ENTRIES SHOWN =>
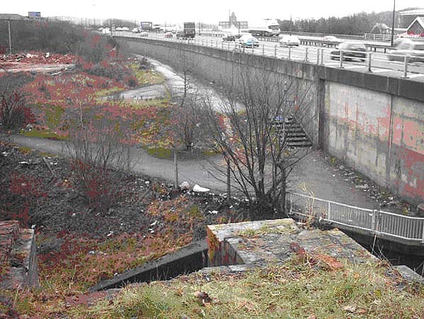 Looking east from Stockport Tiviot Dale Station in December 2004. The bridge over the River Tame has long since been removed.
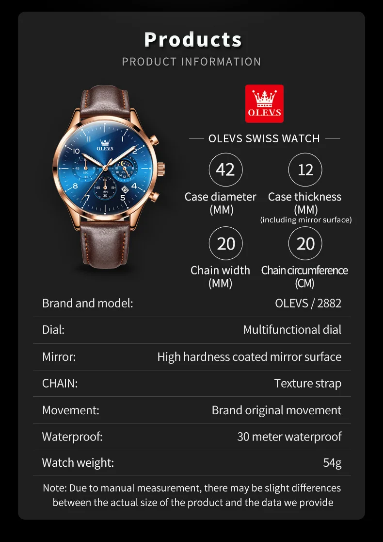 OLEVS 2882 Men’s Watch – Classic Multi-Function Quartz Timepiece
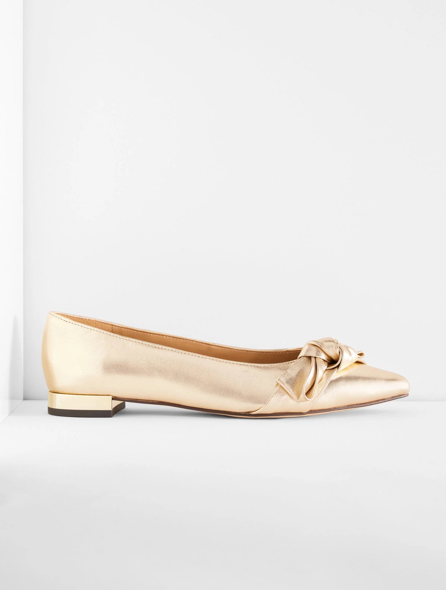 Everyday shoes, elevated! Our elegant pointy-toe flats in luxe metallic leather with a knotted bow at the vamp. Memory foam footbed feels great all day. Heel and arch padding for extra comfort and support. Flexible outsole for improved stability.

==

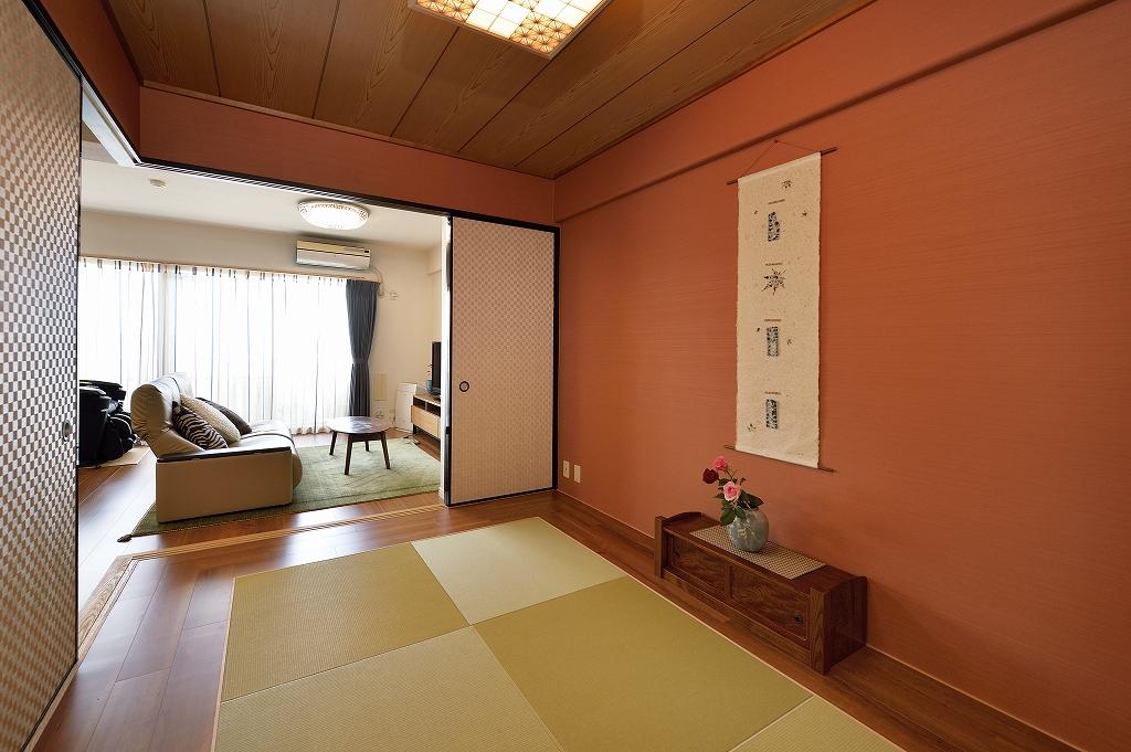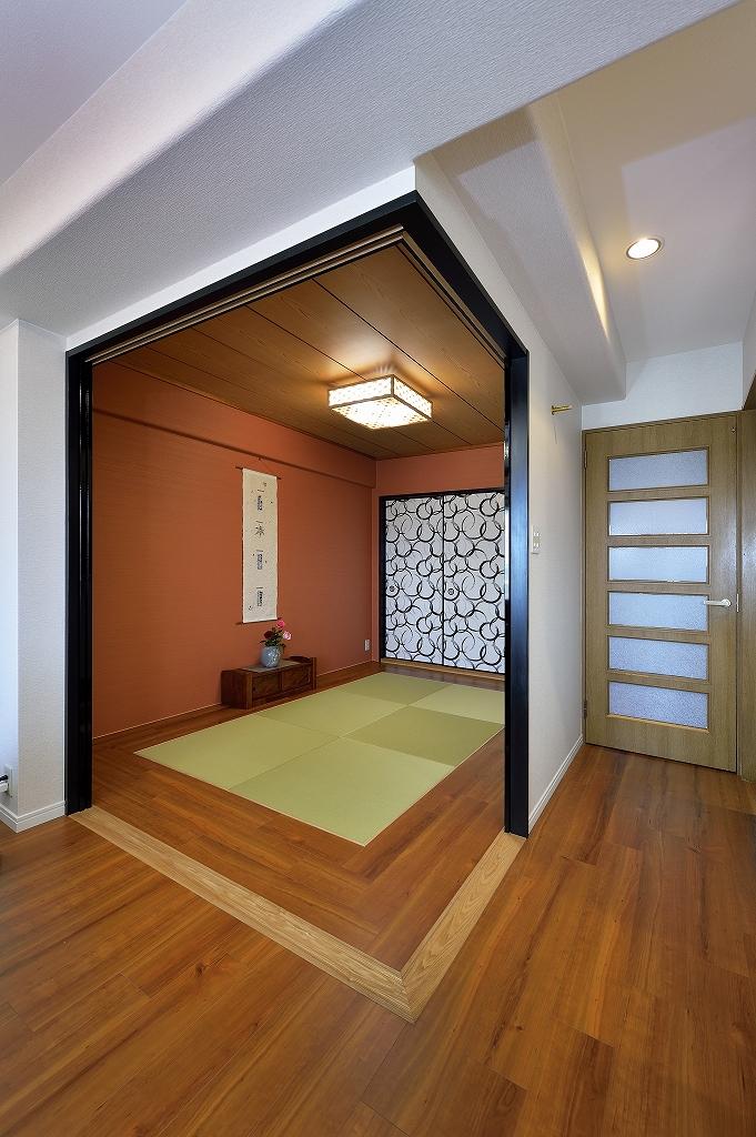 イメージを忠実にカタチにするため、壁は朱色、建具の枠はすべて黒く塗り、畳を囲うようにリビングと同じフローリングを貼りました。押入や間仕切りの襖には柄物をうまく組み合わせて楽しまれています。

WORK INSTRUCTIONS => Would you copy, word for word, only the lines above from the one containing "Looking east from" through the one containing "Everyday shoes, elevated!", both included, and please leave out the pictures?

OUTPUT OF THE EXERCISE =>
 Looking east from Stockport Tiviot Dale Station in December 2004. The bridge over the River Tame has long since been removed.
 OLEVS 2882 Men’s Watch – Classic Multi-Function Quartz Timepiece
 Everyday shoes, elevated! Our elegant pointy-toe flats in luxe metallic leather with a knotted bow at the vamp. Memory foam footbed feels great all day. Heel and arch padding for extra comfort and support. Flexible outsole for improved stability.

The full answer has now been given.